More than 75% of limited partners intend to allocate to AI in the next 12 months, four times the rate for blockchain. AI venture funds are posting double-digit returns. And yet, according to a new S&P Global Market Intelligence report, those returns are “built almost entirely on paper valuations and mark-to-market gains, not cash distributions.”

The exit window is closed. The capital keeps coming in. Something has to give.

The Numbers Tell a Specific Story

Over the past three quarters, deal counts have fallen 23% while total funding has more than tripled, according to the S&P report. Average investment sizes are climbing rapidly as capital concentrates in fewer companies. 82% of new capital flows into mega-deals above $1 billion, primarily U.S.-based platforms.

“We’re witnessing unprecedented investor conviction colliding with a closed exit window,” Ilja Hauerhof, New Product Development Director for Private Markets at S&P Global Market Intelligence, told Benzinga. “Fresh capital is moving off the sidelines, supporting large AI funding rounds. The structural imbalance means capital is entering faster than it is leaving.”

Aside from xAI’s $250 billion acquisition by SpaceX, overall exit activity remains subdued. No significant AI IPOs. Limited M&A. LPs are leaning on interim performance signals instead of waiting for liquidity events.

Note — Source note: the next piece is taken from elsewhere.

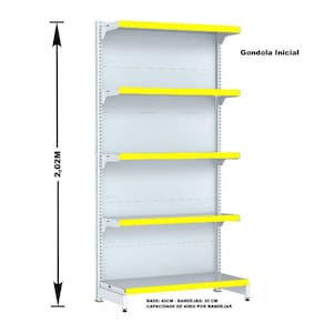 A fileira de Gôndolas deve ser iniciada com a Gôndola Inicial que possui 2 colunas. A Gôndola Continuação possui 1 coluna, utilizada para dar continuidade à fileira e não pode ser montada individualmente.

Capital Export From Europe to the U.S.

The geographic concentration is accelerating. Crunchbase data shows U.S. companies captured $39 billion of April’s $56 billion in global venture funding, approximately 70%.

“The AI investment boom is triggering a capital export from Europe and the UK directly into U.S. markets,” Hauerhof said. “Investors are crossing borders to chase American mega-deals.”

This is not a general market rotation. It is capital flowing toward a specific cluster of five hyperscaler-backed companies that absorbed 60% of all 2026 venture funding through April, according to Crunchbase. The rest of the ecosystem competes for the remaining 40%.

What Breaks First

The structural question is not whether AI deserves investment conviction. It is whether conviction alone can sustain a market where capital enters faster than it exits. Several pressure points are visible:

LPs evaluating fund performance are seeing double-digit returns that exist only as markups on paper. If exit markets stay closed through 2026, those markups face revaluation pressure as fund life cycles mature. The companies sitting at $10-15 billion valuations (Anthropic, Sierra, others in this tier) need IPO windows or strategic acquisitions to convert paper to cash.

The paradox for agent infrastructure companies is sharper. Crunchbase reports that nearly half of U.S. GDP growth in Q1 2026 came from AI buildout. Enterprise spending on AI is real. Revenue is growing. But the traditional liquidity path (IPO) requires public market appetite for companies burning capital to capture market position, and that appetite has not materialized for AI-native companies at current valuations.

The bridge from “AI intent” to “AI liquidity” depends on exit markets reopening, as S&P notes. Until they do, the sector runs on conviction and paper performance. That works until it doesn’t.